= Franco Bomprezzi =

Italian journalist and writer

Franco Bomprezzi (1 August 1952 – 18 December 2014) was an Italian journalist and writer.

Born in Florence, Bomprezzi was born with osteogenesis imperfecta. Among other things, he was also chief editor for RAI, he worked for the newspapers Mattino di Padova" and Il Resto del Carlino, and was director of the journal DM and of the magazine Mobilità. He appeared in the short-film Solo Cinque Minuti or Just Five Minutes with Valeria Golino. He was a member of Vodafone Italia Foundation's scientific committee and spokesman of the Ledha-League for the Rights of Persons with Disabilities. He received the Order of Merit in 2007.

==Biography==
Suffering from birth from Osteogenesis imperfecta, which would lead him to live and work in a wheelchair, he followed the movements of his military father, completing his studies in Florence, Chieti, Rovigo and Padua. He was news chief at Il Mattino di Padova for many years; he also worked with the editorial staff of il Resto del Carlino, before moving to Milan, where he held the position of central editor-in-chief at AGR.

He collaborated with several thematic publications, dealing with the difficulties of disabled people. He was editor in chief of DM, a periodical of UILDM, as well as editor of Mobility magazine, which ceased publication at the end of 2008. He was the founder of the portal Superando.it and spokesman for Ledha, the League for the Rights of Persons with Disabilities.

Responsible for social communication for the Telethon Fondazione Onlus Committee for years, he also joined the scientific committee of the Vodafone Italia Foundation.

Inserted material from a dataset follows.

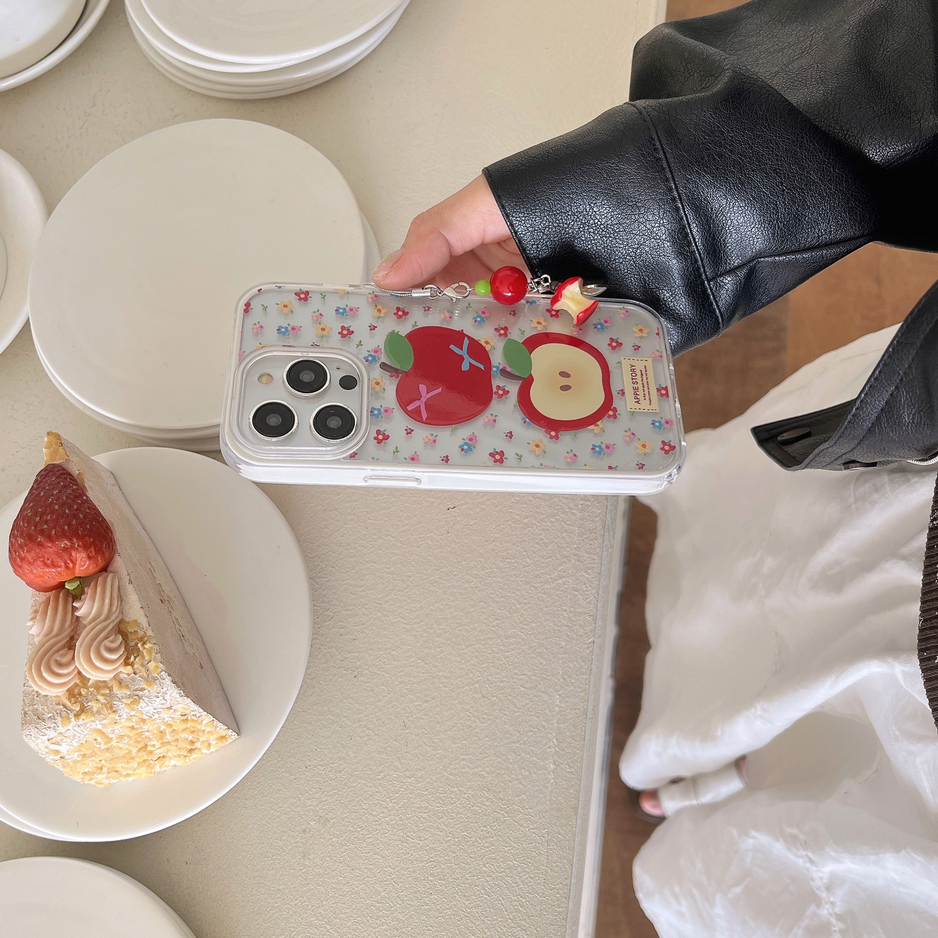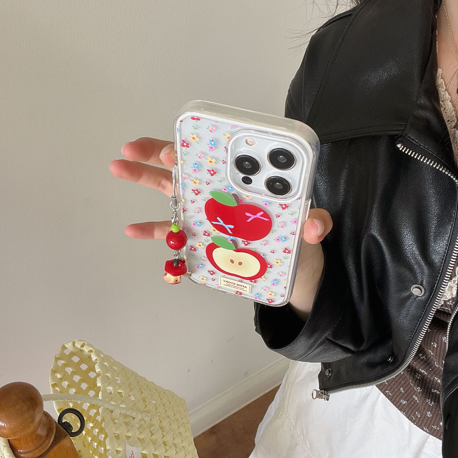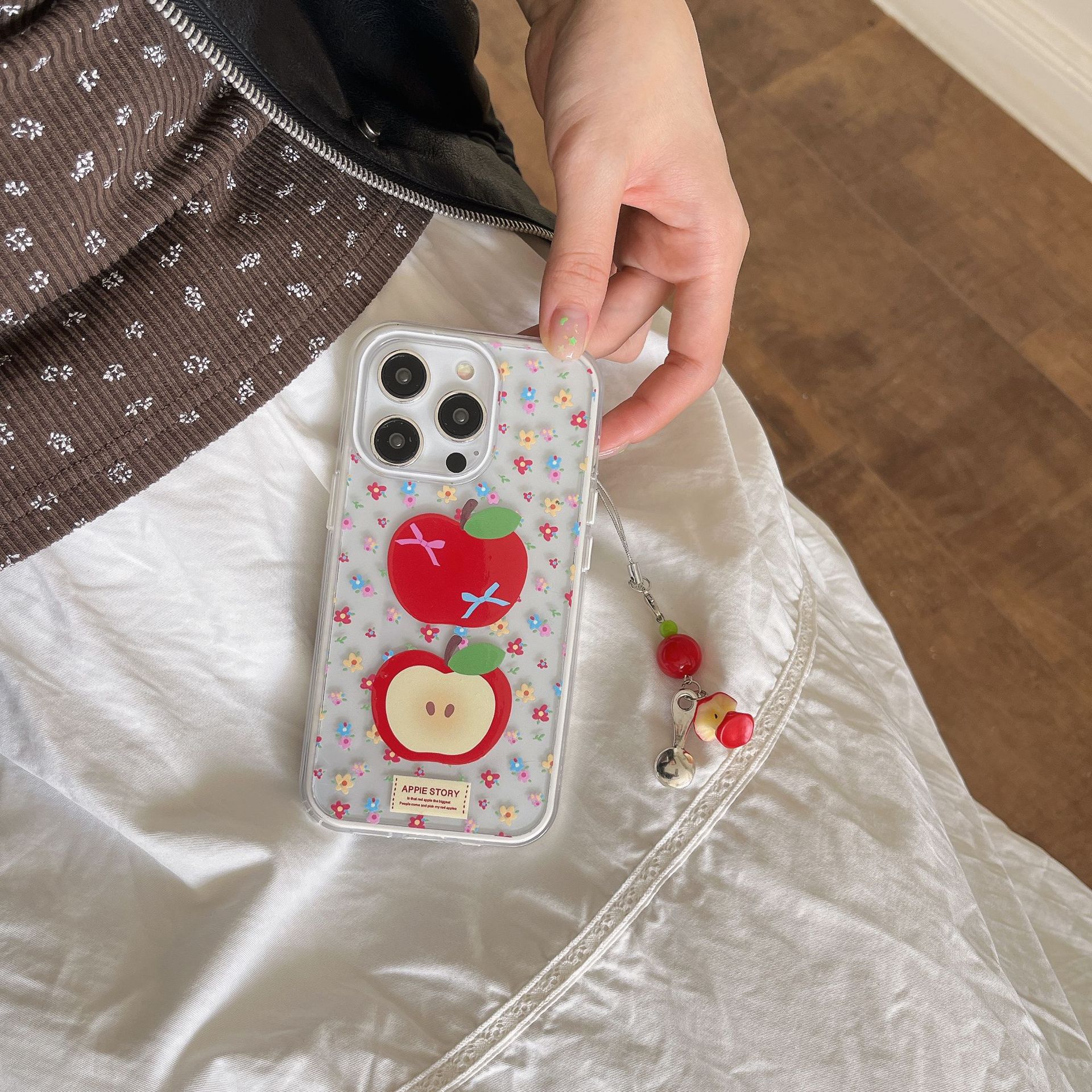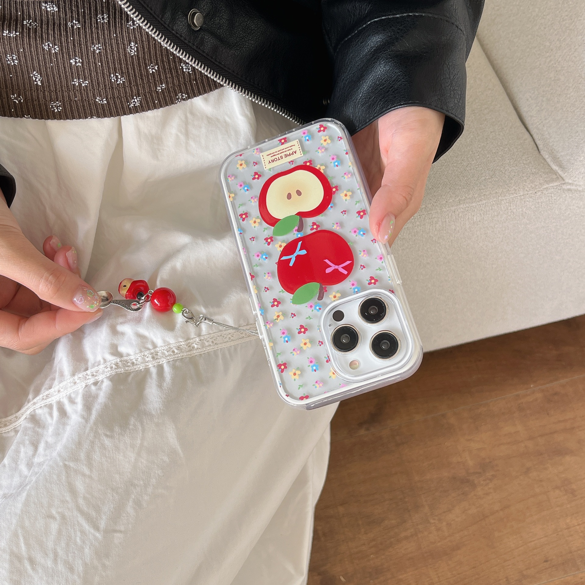 Divertido color fresco rojo manzana para iPhone 16 funda para teléfono móvil 15ProMax femenino 14/13 colgante 16P

In 2005 he was awarded the Ambrogino d'oro. In 2007 he was appointed a knight of the Republic by President Giorgio Napolitano. In 2009, he stood in the 2009 provincial elections in Milan on the list that supported Filippo Penati candidacy for president of the province: he obtained 637 votes, which proved insufficient for his election. In the run-up to the 2011 municipal elections in Milan, he ran for city council on the Milano Civica X Pisapia Sindaco list, praising Pisapia himself for his attention to people with disabilities: on that occasion he obtained 344 preferences, which did not allow him to enter Palazzo Marino.

He died at Niguarda Hospital in Milan, where he had been hospitalized for some time, from a Pulmonary embolism. He had been a widower for many years to Nadia, who died in 2003, also with a disability and in a wheelchair.